Com reformas estruturais travadas no Congresso, o governo aposta em mecanismos extraordinários para diminuir uma dívida pública que deve encerrar o ano perto de 95% do PIB (Produto Interno Bruto) por causa dos gastos com a pandemia de Covid-19.
Sem os choques de longo prazo das reformas tributária e administrativa, que poderiam melhorar a confiança de investidores e eventualmente atrair recursos para o país, e com a demora na tramitação da PEC (Proposta de Emenda à Constituição) Emergencial, o governo já se prepara para usar artifícios laterais que têm um impacto muito mais tímido nas contas públicas.
Em audiência pública na comissão mista no Congresso que acompanha as ações para enfrentamento da pandemia do novo coronavírus, o ministro Paulo Guedes (Economia) afirmou em novembro que o governo vinha derrubando a relação dívida/PIB até o início da pandemia do novo coronavírus.
“Pois nós vamos derrubar de novo. Nós vamos derrubar de novo, seguindo os mesmos métodos”, afirmou. “Nós vamos desinvestir. Nós vamos privatizar. O Banco Central, enquanto estiver fazendo transferências, continua fazendo transferências. Nós vamos desalavancar os bancos públicos.”
Com exceção das privatizações, que não são consenso dentro do governo e, pelo menos no caso da Eletrobras, ficaram mais distantes após a série de apagões no Amapá, algumas das medidas devem sair do papel e aliviar o endividamento.
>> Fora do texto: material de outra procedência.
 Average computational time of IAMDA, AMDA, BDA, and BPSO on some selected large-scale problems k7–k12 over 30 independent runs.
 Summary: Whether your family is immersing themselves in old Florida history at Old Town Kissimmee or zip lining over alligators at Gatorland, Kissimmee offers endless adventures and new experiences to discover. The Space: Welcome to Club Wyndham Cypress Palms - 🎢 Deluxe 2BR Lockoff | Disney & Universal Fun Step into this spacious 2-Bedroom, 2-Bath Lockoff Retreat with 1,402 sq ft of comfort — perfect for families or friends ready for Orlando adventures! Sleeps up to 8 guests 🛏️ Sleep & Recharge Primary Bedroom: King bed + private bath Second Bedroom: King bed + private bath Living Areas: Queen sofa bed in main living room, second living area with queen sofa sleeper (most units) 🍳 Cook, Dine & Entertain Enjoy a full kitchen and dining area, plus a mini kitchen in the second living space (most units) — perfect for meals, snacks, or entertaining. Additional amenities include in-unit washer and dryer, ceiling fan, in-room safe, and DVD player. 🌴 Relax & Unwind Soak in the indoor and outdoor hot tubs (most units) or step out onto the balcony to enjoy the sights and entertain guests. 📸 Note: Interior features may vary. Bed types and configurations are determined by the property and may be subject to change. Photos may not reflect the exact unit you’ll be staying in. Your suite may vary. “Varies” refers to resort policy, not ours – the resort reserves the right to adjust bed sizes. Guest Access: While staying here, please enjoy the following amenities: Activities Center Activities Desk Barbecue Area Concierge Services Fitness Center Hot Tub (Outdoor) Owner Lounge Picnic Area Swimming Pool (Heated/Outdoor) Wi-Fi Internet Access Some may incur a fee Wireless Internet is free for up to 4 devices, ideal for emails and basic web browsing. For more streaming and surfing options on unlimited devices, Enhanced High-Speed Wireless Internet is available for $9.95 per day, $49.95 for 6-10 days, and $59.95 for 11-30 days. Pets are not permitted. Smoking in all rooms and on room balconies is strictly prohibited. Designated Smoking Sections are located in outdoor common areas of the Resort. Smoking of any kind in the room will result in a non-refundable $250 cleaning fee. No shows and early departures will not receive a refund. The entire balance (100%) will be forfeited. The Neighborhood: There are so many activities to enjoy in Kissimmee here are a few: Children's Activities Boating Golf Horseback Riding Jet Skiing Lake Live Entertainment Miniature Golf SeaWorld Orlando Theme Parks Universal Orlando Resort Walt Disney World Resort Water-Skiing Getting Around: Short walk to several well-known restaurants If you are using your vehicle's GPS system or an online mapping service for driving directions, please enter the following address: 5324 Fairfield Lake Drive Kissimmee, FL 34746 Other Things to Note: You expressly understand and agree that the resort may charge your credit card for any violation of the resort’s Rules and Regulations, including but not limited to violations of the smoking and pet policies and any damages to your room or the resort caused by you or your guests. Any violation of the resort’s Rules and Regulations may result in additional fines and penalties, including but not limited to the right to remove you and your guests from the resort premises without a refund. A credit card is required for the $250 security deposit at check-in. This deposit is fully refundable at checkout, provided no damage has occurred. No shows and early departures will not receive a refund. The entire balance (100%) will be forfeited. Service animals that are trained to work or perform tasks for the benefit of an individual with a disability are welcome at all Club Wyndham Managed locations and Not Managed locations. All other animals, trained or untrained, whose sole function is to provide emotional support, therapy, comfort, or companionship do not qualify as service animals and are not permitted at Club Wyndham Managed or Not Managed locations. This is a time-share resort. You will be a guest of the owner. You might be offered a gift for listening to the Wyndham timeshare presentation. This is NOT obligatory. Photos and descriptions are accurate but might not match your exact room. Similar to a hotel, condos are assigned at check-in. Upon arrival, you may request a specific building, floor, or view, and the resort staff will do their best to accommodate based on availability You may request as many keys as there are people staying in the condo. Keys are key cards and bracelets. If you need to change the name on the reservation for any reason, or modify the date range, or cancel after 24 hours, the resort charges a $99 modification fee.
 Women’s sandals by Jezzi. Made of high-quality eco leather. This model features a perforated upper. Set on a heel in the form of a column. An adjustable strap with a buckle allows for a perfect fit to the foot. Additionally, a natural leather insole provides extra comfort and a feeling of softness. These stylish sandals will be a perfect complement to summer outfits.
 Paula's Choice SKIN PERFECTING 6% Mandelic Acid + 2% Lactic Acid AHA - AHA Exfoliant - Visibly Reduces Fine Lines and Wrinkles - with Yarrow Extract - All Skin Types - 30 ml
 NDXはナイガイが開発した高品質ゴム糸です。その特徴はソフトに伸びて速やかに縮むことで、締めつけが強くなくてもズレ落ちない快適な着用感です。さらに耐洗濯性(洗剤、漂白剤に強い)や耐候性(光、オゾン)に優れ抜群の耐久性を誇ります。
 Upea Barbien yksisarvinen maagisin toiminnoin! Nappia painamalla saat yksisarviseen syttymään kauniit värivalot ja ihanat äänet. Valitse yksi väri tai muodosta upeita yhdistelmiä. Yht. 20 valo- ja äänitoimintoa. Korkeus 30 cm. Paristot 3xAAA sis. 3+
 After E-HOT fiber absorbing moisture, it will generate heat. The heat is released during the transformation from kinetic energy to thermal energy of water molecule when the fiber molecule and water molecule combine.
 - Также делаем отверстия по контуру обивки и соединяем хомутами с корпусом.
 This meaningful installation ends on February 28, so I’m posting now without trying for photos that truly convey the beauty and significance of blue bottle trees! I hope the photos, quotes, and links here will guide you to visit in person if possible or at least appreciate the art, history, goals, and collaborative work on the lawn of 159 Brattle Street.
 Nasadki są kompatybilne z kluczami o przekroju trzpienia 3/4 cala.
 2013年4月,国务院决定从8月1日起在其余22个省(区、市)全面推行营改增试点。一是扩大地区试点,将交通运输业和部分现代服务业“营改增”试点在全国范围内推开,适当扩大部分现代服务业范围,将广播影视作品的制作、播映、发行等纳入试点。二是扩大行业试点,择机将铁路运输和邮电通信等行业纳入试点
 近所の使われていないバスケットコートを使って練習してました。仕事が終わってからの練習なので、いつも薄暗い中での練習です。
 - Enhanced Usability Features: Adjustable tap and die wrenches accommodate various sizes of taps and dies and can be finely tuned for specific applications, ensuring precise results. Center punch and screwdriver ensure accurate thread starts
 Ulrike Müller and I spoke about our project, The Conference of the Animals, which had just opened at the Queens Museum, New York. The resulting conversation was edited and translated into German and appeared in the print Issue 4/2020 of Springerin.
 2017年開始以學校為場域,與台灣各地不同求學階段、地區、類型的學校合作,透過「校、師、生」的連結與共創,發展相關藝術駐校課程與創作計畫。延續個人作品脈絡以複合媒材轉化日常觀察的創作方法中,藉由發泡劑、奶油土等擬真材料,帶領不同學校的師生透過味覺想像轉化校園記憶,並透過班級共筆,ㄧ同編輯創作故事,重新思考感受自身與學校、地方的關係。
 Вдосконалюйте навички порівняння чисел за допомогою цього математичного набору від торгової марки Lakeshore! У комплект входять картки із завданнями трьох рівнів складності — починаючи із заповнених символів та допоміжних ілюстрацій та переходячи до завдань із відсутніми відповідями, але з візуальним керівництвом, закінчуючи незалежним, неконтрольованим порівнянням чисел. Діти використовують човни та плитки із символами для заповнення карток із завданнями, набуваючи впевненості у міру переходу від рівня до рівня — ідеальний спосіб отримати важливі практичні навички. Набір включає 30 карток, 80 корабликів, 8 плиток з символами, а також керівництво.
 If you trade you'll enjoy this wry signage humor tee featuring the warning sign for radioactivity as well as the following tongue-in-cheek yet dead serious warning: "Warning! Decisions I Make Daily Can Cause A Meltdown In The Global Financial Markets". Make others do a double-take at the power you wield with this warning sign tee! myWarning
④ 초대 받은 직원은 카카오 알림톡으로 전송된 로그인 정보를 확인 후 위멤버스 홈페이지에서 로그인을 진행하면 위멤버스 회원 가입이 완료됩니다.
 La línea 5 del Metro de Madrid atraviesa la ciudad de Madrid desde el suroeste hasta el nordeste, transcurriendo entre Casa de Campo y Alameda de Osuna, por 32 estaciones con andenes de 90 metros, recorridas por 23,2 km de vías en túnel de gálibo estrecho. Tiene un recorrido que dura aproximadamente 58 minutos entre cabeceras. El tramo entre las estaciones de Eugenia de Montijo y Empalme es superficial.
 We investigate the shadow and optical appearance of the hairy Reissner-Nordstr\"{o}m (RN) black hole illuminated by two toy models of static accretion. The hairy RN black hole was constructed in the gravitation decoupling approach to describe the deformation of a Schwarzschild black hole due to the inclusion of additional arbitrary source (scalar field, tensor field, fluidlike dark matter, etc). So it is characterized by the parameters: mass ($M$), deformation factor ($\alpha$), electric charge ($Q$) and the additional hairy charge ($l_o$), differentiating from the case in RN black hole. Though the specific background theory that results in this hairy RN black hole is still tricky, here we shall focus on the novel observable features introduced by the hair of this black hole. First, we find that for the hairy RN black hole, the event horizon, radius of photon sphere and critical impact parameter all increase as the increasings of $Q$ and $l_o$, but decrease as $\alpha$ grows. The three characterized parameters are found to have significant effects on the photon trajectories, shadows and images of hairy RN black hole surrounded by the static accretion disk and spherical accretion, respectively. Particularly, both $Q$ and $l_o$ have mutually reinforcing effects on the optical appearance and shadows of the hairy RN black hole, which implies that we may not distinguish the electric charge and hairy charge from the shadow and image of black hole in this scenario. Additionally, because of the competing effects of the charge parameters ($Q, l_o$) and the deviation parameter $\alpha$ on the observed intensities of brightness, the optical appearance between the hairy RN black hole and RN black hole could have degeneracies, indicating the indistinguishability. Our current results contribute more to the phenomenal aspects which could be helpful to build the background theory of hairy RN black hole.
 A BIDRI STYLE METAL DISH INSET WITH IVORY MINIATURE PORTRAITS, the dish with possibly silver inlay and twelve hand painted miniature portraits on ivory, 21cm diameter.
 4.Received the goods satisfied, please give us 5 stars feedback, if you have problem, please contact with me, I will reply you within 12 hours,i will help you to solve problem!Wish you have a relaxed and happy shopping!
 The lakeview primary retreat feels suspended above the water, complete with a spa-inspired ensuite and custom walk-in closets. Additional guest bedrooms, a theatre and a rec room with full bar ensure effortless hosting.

O plano de Guedes também prevê a venda de imóveis da União.
Especialistas alertam, no entanto, que ações desse tipo são pontuais, servem apenas para que o governo ganhe um fôlego e não dispensam a implementação de reformas estruturantes e medidas de ajuste fiscal efetivo.
Para acalmar o mercado, Guedes afirmou na semana passada que a situação está sob controle e citou as medidas extraordinárias ao explicar a estratégia do governo.
Em videoconferência, o ministro afirmou que, dos R$ 600 bilhões em títulos públicos a vencer nos primeiros quatro meses de 2021, metade já está garantida pelo governo.
Segundo ele, R$ 200 bilhões virão de transferência de lucro do Banco Central para o Tesouro. Outros R$ 100 bilhões terão origem na devolução de recursos de bancos públicos à União.
“Não achamos que estamos em uma situação dramática. Se nossas reformas avançarem, isso vai acontecer com muita tranquilidade”, disse.
Para os trabalhos no Congresso, técnicos da equipe econômica elencaram algumas propostas em uma pauta considerada prioritária.
Na área de produtividade, defendem a votação ainda neste ano de projetos considerados menos polêmicos, como os marcos regulatórios do gás e de cabotagem.
Na área fiscal, a avaliação é que seria importante avançar com a PEC Emergencial. É dentro dela que o governo tenta encaixar o Renda Brasil, programa que busca substituir o Bolsa Família, marca de gestões petistas. Porém ainda não há acordo sobre a proposta e a votação pode ficar para 2021.
A maior dificuldade tem sido encontrar uma fonte de financiamento que permita ampliar o número de beneficiários do programa.
A principal aposta para este ano, considerada mais factível, é o projeto de lei complementar que libera R$ 177 bilhões para aliviar o endividamento.
De autoria do deputado Mauro Benevides Filho (PDT-CE), o texto propõe usar o saldo do superavit financeiro de 29 fundos públicos para compensar parte da queda da arrecadação da União e melhorar a trajetória da dívida pública.
Segundo Benevides Filho, a intenção foi encontrar fontes de recursos para dar ao governo a capacidade de arcar com os programas de auxílio que precisou implementar para enfrentar a pandemia.
“Em vez de ir ao mercado e vender título público, ele vai pagar dívida pública com os recursos dos fundos”, disse.
No Congresso também estão os principais entraves ao governo no momento, entre eles a votação do Orçamento de 2021. A disputa pela sucessão à Presidência da Câmara travou a instalação da CMO (Comissão Mista de Orçamento).
Sem um acordo, é possível que a LDO (Lei de Diretrizes Orçamentárias) seja votada neste mês diretamente no plenário, enquanto a LOA (Lei Orçamentária Anual) ficaria para depois de fevereiro, quando a sucessão presidencial na Câmara já estará resolvida.
Até lá, a PEC Emergencial pode ser aprovada e promulgada, o que abriria espaço no apertado Orçamento de 2021, que tem R$ 96,1 bilhões de gastos discricionários (não obrigatórios).
Desse valor, apenas R$ 28,7 bilhões foram reservados para investimento, enquanto cresce no governo a pressão para o aumento dos gastos com obras.